■ **EXERCISE**: Give back the data below word for word. Any image in it should be left out.

■ **PROVIDED DATA**:
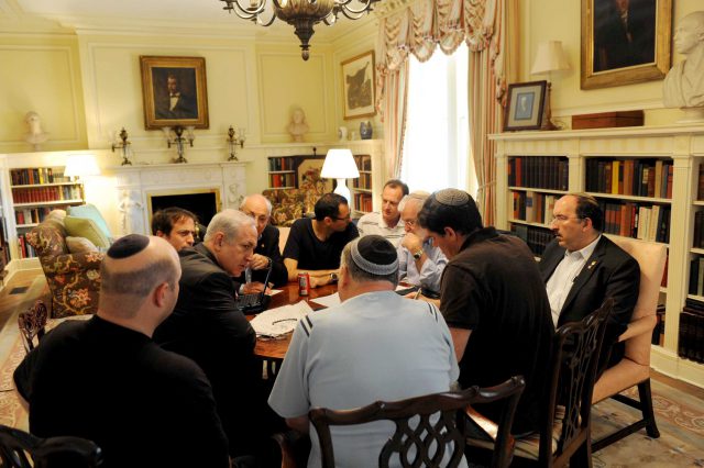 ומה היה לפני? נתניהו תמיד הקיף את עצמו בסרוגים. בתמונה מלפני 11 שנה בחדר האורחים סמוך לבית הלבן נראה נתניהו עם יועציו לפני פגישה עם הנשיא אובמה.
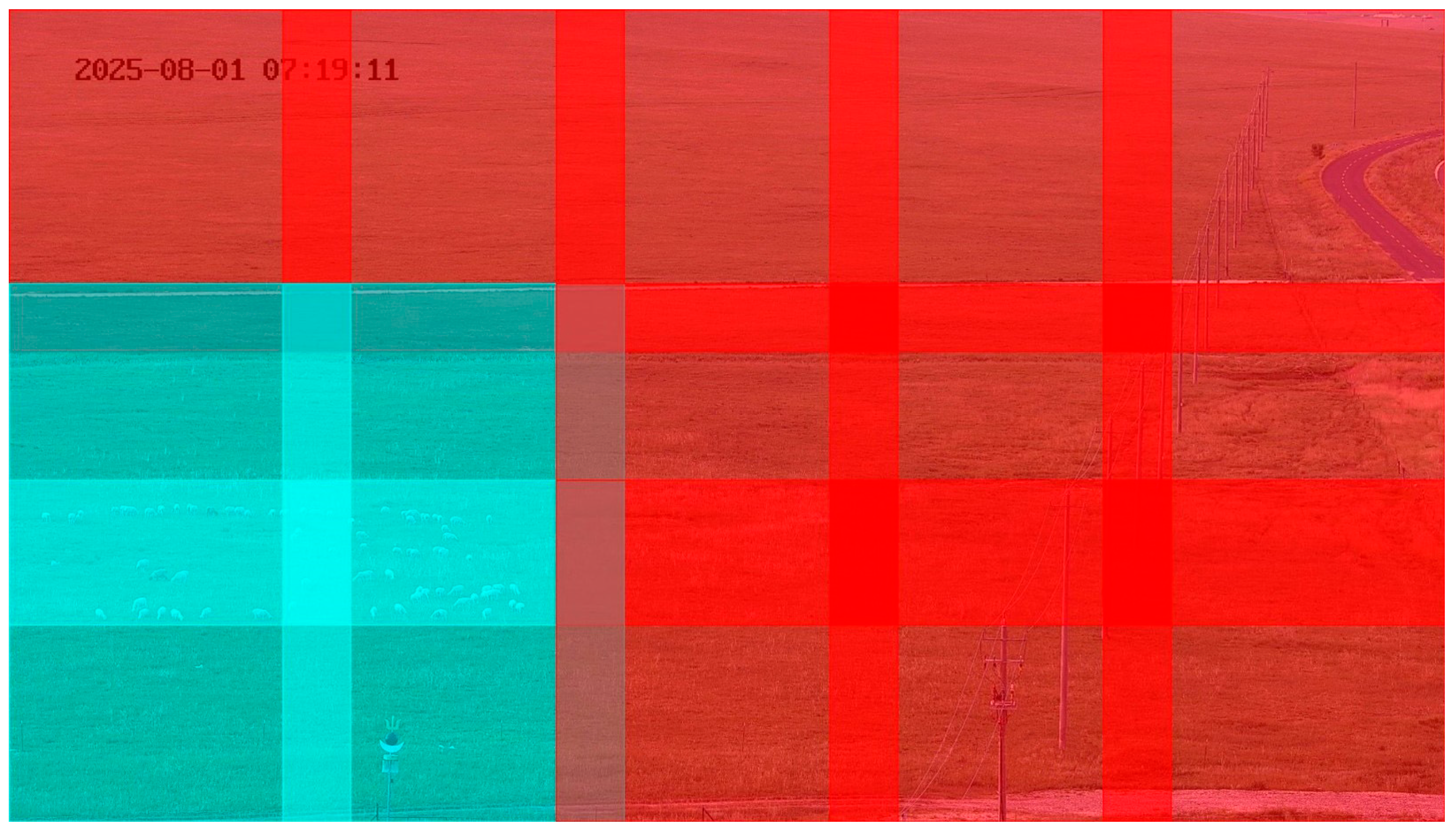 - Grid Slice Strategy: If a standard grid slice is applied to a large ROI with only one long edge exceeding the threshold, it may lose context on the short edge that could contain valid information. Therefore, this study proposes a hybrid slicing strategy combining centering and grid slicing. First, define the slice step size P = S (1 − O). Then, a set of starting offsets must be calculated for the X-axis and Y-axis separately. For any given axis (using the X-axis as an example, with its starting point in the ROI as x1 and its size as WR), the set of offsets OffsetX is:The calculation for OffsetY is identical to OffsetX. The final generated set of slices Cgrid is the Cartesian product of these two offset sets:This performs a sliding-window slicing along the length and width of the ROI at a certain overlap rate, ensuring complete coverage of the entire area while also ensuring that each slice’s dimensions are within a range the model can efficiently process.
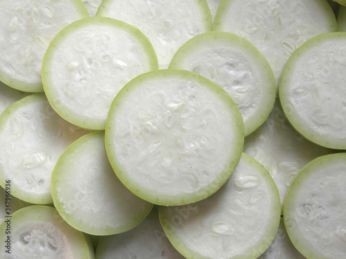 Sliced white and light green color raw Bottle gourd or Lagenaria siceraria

■ **ANSWER SECTION**:
 ומה היה לפני? נתניהו תמיד הקיף את עצמו בסרוגים. בתמונה מלפני 11 שנה בחדר האורחים סמוך לבית הלבן נראה נתניהו עם יועציו לפני פגישה עם הנשיא אובמה.
 - Grid Slice Strategy: If a standard grid slice is applied to a large ROI with only one long edge exceeding the threshold, it may lose context on the short edge that could contain valid information. Therefore, this study proposes a hybrid slicing strategy combining centering and grid slicing. First, define the slice step size P = S (1 − O). Then, a set of starting offsets must be calculated for the X-axis and Y-axis separately. For any given axis (using the X-axis as an example, with its starting point in the ROI as x1 and its size as WR), the set of offsets OffsetX is:The calculation for OffsetY is identical to OffsetX. The final generated set of slices Cgrid is the Cartesian product of these two offset sets:This performs a sliding-window slicing along the length and width of the ROI at a certain overlap rate, ensuring complete coverage of the entire area while also ensuring that each slice’s dimensions are within a range the model can efficiently process.
 Sliced white and light green color raw Bottle gourd or Lagenaria siceraria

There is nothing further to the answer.